For instance, there was a huge pine grove at Tofiq Bahramov Stadium and an olive grove in Ahmedly, both of which are partly or completely lost now due to wider roads, the construction of ADA University and addition of a huge artificial lake in Dada Gorgud Park.
Bakuvians are losing green space and residents are becoming more aware of the issue—and the impact on their health and wellbeing. Cities should have 50 square meters of green space per resident, according to World Health Organization standards. The global average for cities, however, is less than half that—21 square meters per person.
Over the past 30 years, the population of the capital has doubled, and the green area has halved. Between the 1970s and the 1980s, green space tripled in the city, increasing from just 6.2 square meters of recreational green space in the 1970s to 45 square meters in the 1980s. After 1985, the issue stopped being a priority and, as a result, green space was destroyed to make room for shops, cafes, wedding palaces, garages, and villas.
“I moved to Baku in the 1990s and fell in love with Baku the first day I arrived because there were green streets on all sides. I used to take a tram [no longer exists] from Azneft Square. There is a big difference when comparing Baku today with that time,” recalls Rovshana Babayeva, an eco-activist.
Frequent discussions about the loss of green space in Baku inspired me to investigate how much of greenery has been lost in Baku over the past two generations. I found photos of central locations—some of locals’ favorite places—at the Azerbaijan Photographers Union (AFB) dating back to the 1950s and 1970s. Using the images as my guide, I sought to photograph those locations from the same angle to see how the green space has changed.
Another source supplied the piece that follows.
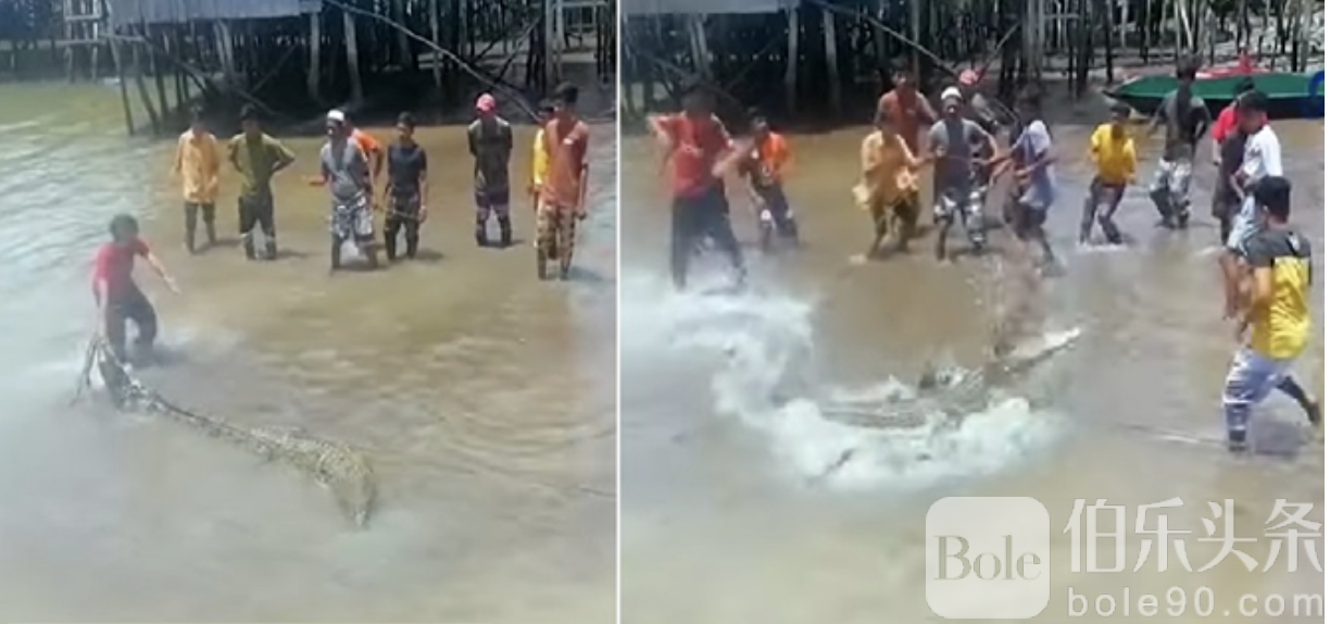 为了确保村庄的安全,渔民们联手捕捉了这只鳄鱼,并将其绑住,准备拖向海岸以交给当地相关部门。然而,在运输过程中,鳄鱼突然挣脱了绳索,追逐着附近的人群,最终重新游回大海。

The end result showed a mixed fate for many places — more buildings in most cases, but also more tree coverage in some areas. Some of the most beautiful landscaping, for instance the Central Park, is due to locals planting trees. Overall, however, environmentalists like Rovshana Babayeva believe the situation in the city is dire.
"Naturally, green areas play an important role in cleaning the city's air. According to various sources, 80 percent of emissions come from cars; therefore along with increasing greenery and creating conditions to increase the import of hybrid cars and electric cars that do not harm the atmosphere—as well as the construction of bicycle lanes for the use of bicycles as an environmentally friendly means of transport—are among our most pressing needs. This work must be done in parallel," added Rovshana Babayeva.